Though Betts, who was 17 at the time, was not named publicly by authorities at the time as the author of the list, the former classmates said it was common knowledge within the school he was the one suspended over the incident.

Drew Gainey was among those who went on social media Sunday to say red flags were raised about Betts' behavior years ago.

"There was an incident in high school with this shooter that should have prevented him from ever getting his hands on a weapon. This was a tragedy that was 100% avoidable," he wrote on in a Twitter post on Sunday.

Gainey did not respond to messages from AP seeking further comment, but the name on his account matches that of a former Bellbrook student who was on the track team with Betts.

Former Bellbrook Principal Chris Baker said he "would not dispute that information" when the Daily News asked him Sunday about the hit list suspension.
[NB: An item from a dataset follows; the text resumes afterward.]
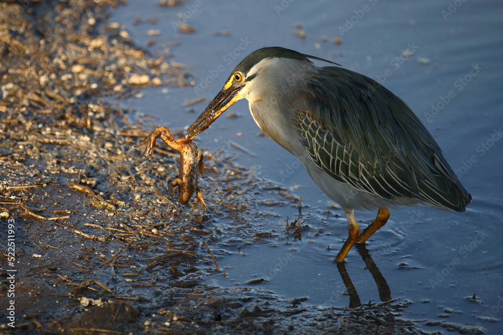 Mangrovenreiher / Green-backed heron / Butorides striatus...Grasfrosch / European common frog / Rana temporaria
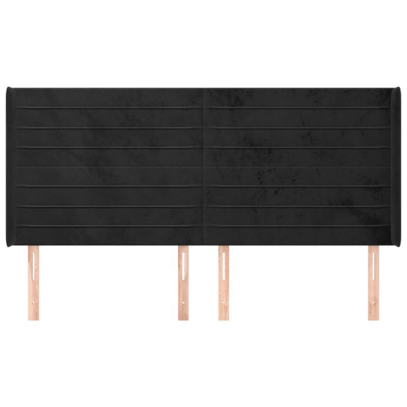 Горна табла за легло с уши, черна, 183x16x118/128 см, кадифе

He declined to comment further to the newspaper and the AP was unable to reach him.

Betts had no apparent criminal record as an adult, though if he had been charged as a juvenile that would typically be sealed under state law. 

"There's nothing in this individual's record that would have precluded him from getting these weapons," Biehl said.

Bellbrook Police Chief Doug Doherty said Monday his department, which has jurisdiction over the town where the suspect lived with his family, had no record of contact with Betts other than traffic violations. Police records from the department indicate Betts was arrested and charged with driving under the influence in May 2016. However, a former middle school classmate who asked to remain anonymous told the Dayton Daily News that she went to Bellbrook police about a decade ago with concerns about a disturbing conversation she had with Betts. The woman said the shooter told her he fantasized about tying her up and slitting her throat.

"He knew it wasn't normal," the woman told the paper. "He and I talked at length about him getting help." 

Another former classmate, Demoy Howell, told the paper that he and Betts participated in Bellbrook's Junior ROTC military program. Howell said he remembers friends telling him that Betts made them feel threatened or uncomfortable.

"He was always a bit of an oddball," said Howell. "He had a dark sense of humor — jokes about people dying. He would wear all black. I remember sensing a dark energy around him."  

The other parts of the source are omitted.